Flexible riser tensile armour stress assessment in the bend stiffener region

The flexible riser within the bend stiffener in the top connection is a structurally vulnerable region for extreme and fatigue loads as it is subjected to large dynamic tensile forces and curvatures. This paper presents a nonlinear finite element model (FEM) for the flexible riser with bend stiffener taking into account interlayer friction and riser-bend stiffener contact interaction subjected to combined axisymmetric and bending loads. A case study with typical extreme and fatigue load cases is carried out to assess the curvature variation and bend stiffener contact pressure influence in the riser tensile armours stresses. For the extreme load case, detailed finite element results such as contact pressures and friction, normal and transverse bending stresses are compared with a uniform curvature FEM and available analytical models.
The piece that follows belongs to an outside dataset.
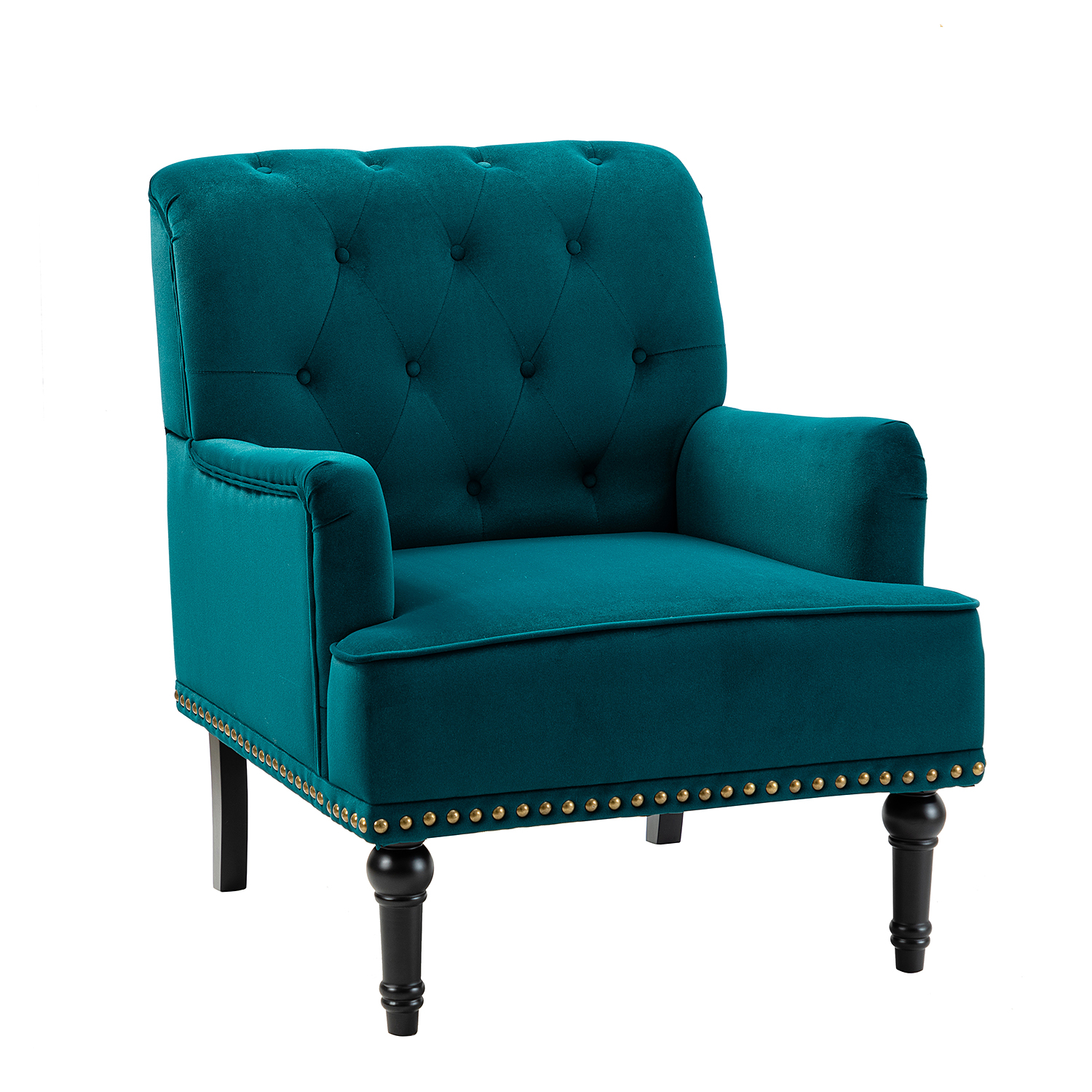 Looking to add an arm chair to your living room or bedroom? This one is in keeping with your glam sensibilities, adding an eye-catching touch to your space. Designed in classic and contemporary style with glam nailhead trim and button-dotting backrest, this accent chair is full of aesthetics, looked attractive in vision. Founded atop four elaborately carved rubberwood legs and wrapped with premium velvet fabric, comfortable for skin touch, it also arrives with a s-spring built-in seatrest for perfect support, ensuring a long term seating. Medium-density foam filled brings cosy experience while a solid and manufactured wood frame provides sturdy structure. This timeless fashion piece will not fail to blend with your home decor with its rich color selections. At any time, this chair provides an essential spot for sitting and enjoying a good book or catching up on your favorite show, effectively reliving the pressure. It's the perfect pick for the living room, office room and bedroom.
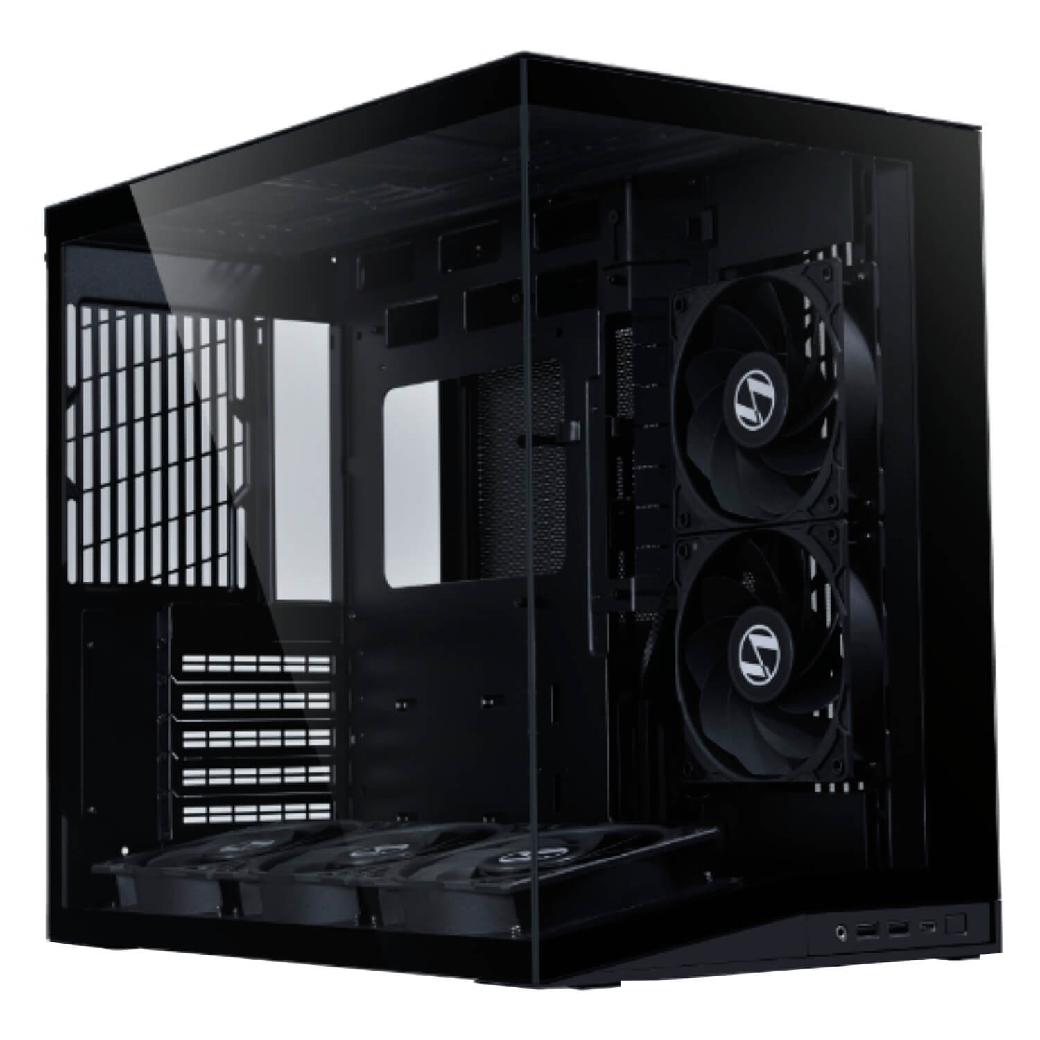מארז מחשב O11 Dynamic Mini V2 Flow מבית Lian-Li, בצבע שחור, משלב קירור חכם, גמישות מודולרית ועיצוב נקי ואלגנטי במבנה אחד, מגיע עם 5 מאווררי PWM Reverse בגודל 120 מ"מ מותקנים מראש. O11DMIV2FX

A fatigue load case is also performed, where the stress amplitudes and cumulative fatigue damages for the internal tensile armour wires are compared with a uniform curvature FEM and analytical models. From the case study results under extreme loading, it can be observed that the model with bend stiffener interaction predicts larger stresses in comparison to the uniform curvature FEM and analytical models. Under typical fatigue loading conditions, significant differences in the cumulative damage are observed between the models, highlighting the importance of an accurate modeling for lifetime integrity assessment in a region of highly variable riser curvature.

Automated summary

This paper presents a nonlinear finite element model for the flexible riser with bend stiffener, taking into account interlayer friction and riser-bend stiffener contact interaction. A case study is carried out to assess the influence of curvature variation and bend stiffener contact pressure on the riser tensile armours stresses under extreme and fatigue load cases. The results show that the model with bend stiffener interaction predicts larger stresses compared to the uniform curvature FEM and analytical models under extreme loading, and significant differences in cumulative damage are observed between the models under typical fatigue loading conditions.